**To do:** Output the full listing below exactly, without the pictures.

**Recorded data:**

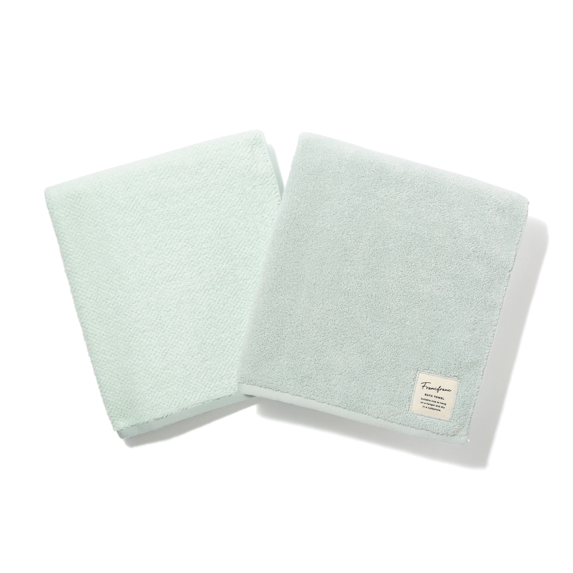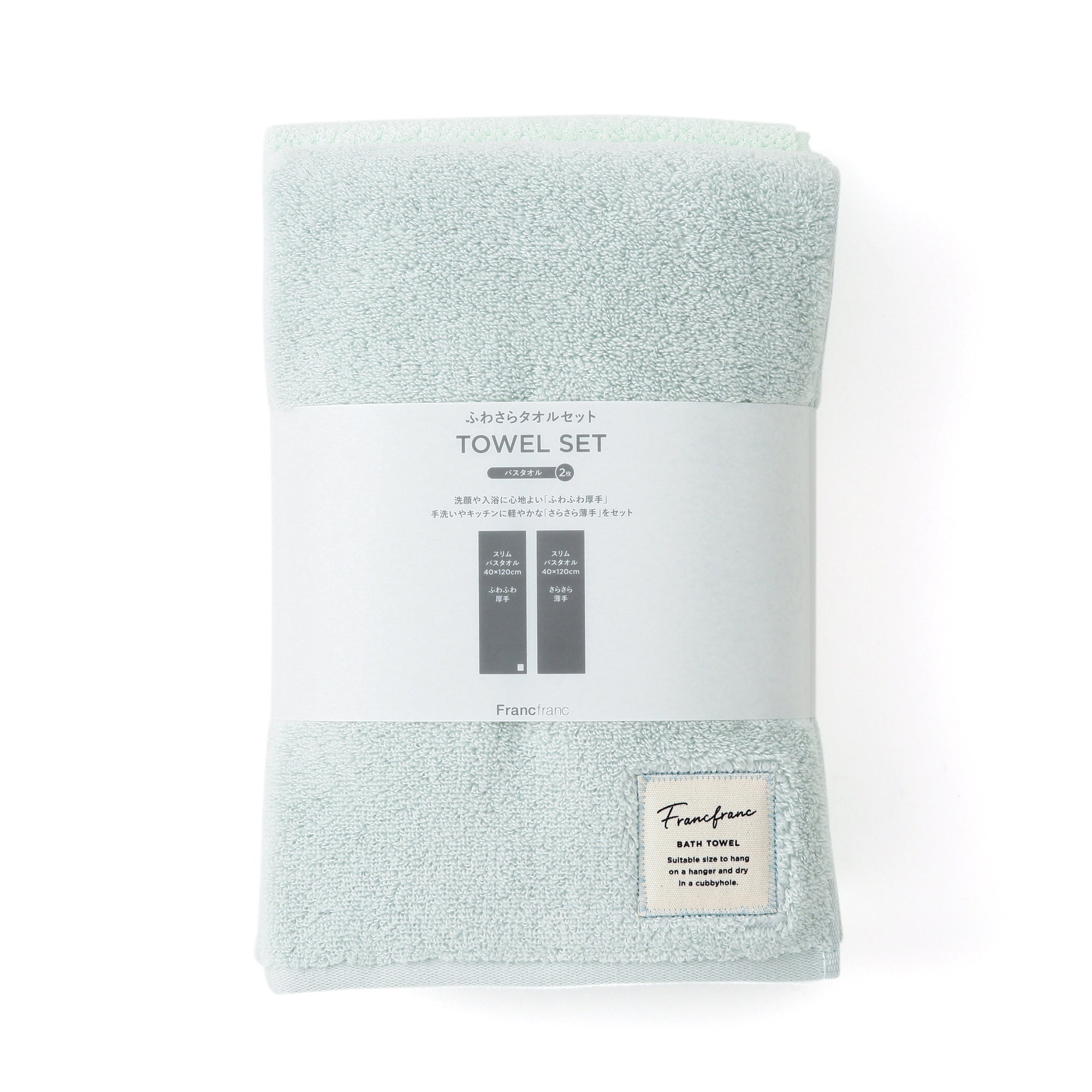 厚手タイプと薄手タイプの風合いが異なるバスタオル2枚をセットにしました。思わず頬ずりしたくなるようなふっくらふわふわの肌ざわりで、毎日のバスタイムをとっておきのご褒美時間に格上げしてくれます。爽やかなグリーンが気分を明るくしてくれます。ポイントは、ハンガーに吊るして干すこともできるスリムなサイズ。お洗濯が楽でかさばらずに収納できるけれど髪とからだをきっちり拭き取れる絶妙な大きさです。通常のバスタオルでは大きすぎフェイスタオルでは小さすぎる、という方にもおすすめです。フックに掛けられるループ付き。もっちりした厚手タイプは髪や体、顔の水分を摩擦レスで優しく吸い取ってくれます。さっぱりの薄手タイプはマルチユースで活躍します。シンプルなデザインながらも、ロゴのタグがおしゃれさをプラスしてくれます。ふわふわもさらさらも両方使えて便利なセットになっています。カラーも派手すぎず落ち着いた色味なので、どんなお部屋にも馴染んでくれます。ギフトにもおすすめのセットです。
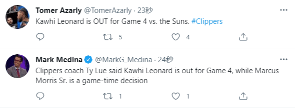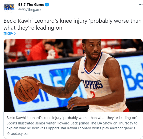 《体育画报》记者Howard Beck认为小卡已经打完了本赛季最后一场比赛,名记表示:如果小卡只是消肿,我们早就知道他的核磁检查结果了,但事实是快船没有更新任何消息,这暗示小卡的伤势比预期更糟糕;扭伤意味着撕裂,问题是小卡的十字韧带撕裂有多严重,到现在都没有他的任何消息,所以我觉得他的情况比快船所说的更糟糕,他不会回来了。
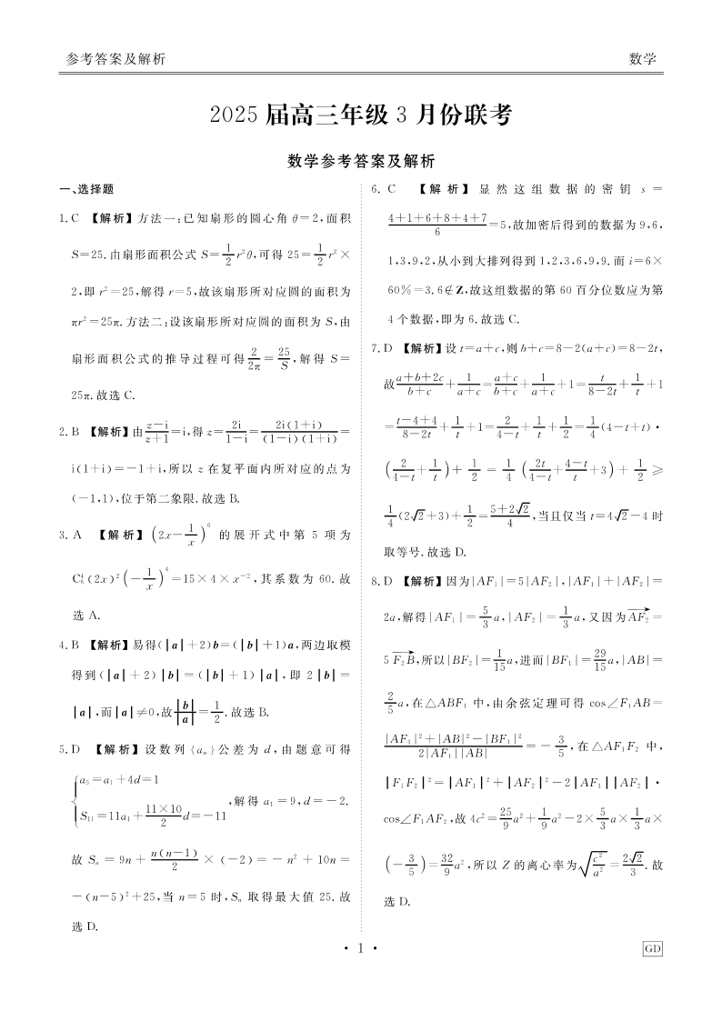 广东省衡水金卷2024-2025学年下学期3月高三大联考数学答案

**Task output:**
 厚手タイプと薄手タイプの風合いが異なるバスタオル2枚をセットにしました。思わず頬ずりしたくなるようなふっくらふわふわの肌ざわりで、毎日のバスタイムをとっておきのご褒美時間に格上げしてくれます。爽やかなグリーンが気分を明るくしてくれます。ポイントは、ハンガーに吊るして干すこともできるスリムなサイズ。お洗濯が楽でかさばらずに収納できるけれど髪とからだをきっちり拭き取れる絶妙な大きさです。通常のバスタオルでは大きすぎフェイスタオルでは小さすぎる、という方にもおすすめです。フックに掛けられるループ付き。もっちりした厚手タイプは髪や体、顔の水分を摩擦レスで優しく吸い取ってくれます。さっぱりの薄手タイプはマルチユースで活躍します。シンプルなデザインながらも、ロゴのタグがおしゃれさをプラスしてくれます。ふわふわもさらさらも両方使えて便利なセットになっています。カラーも派手すぎず落ち着いた色味なので、どんなお部屋にも馴染んでくれます。ギフトにもおすすめのセットです。
 《体育画报》记者Howard Beck认为小卡已经打完了本赛季最后一场比赛,名记表示:如果小卡只是消肿,我们早就知道他的核磁检查结果了,但事实是快船没有更新任何消息,这暗示小卡的伤势比预期更糟糕;扭伤意味着撕裂,问题是小卡的十字韧带撕裂有多严重,到现在都没有他的任何消息,所以我觉得他的情况比快船所说的更糟糕,他不会回来了。
 广东省衡水金卷2024-2025学年下学期3月高三大联考数学答案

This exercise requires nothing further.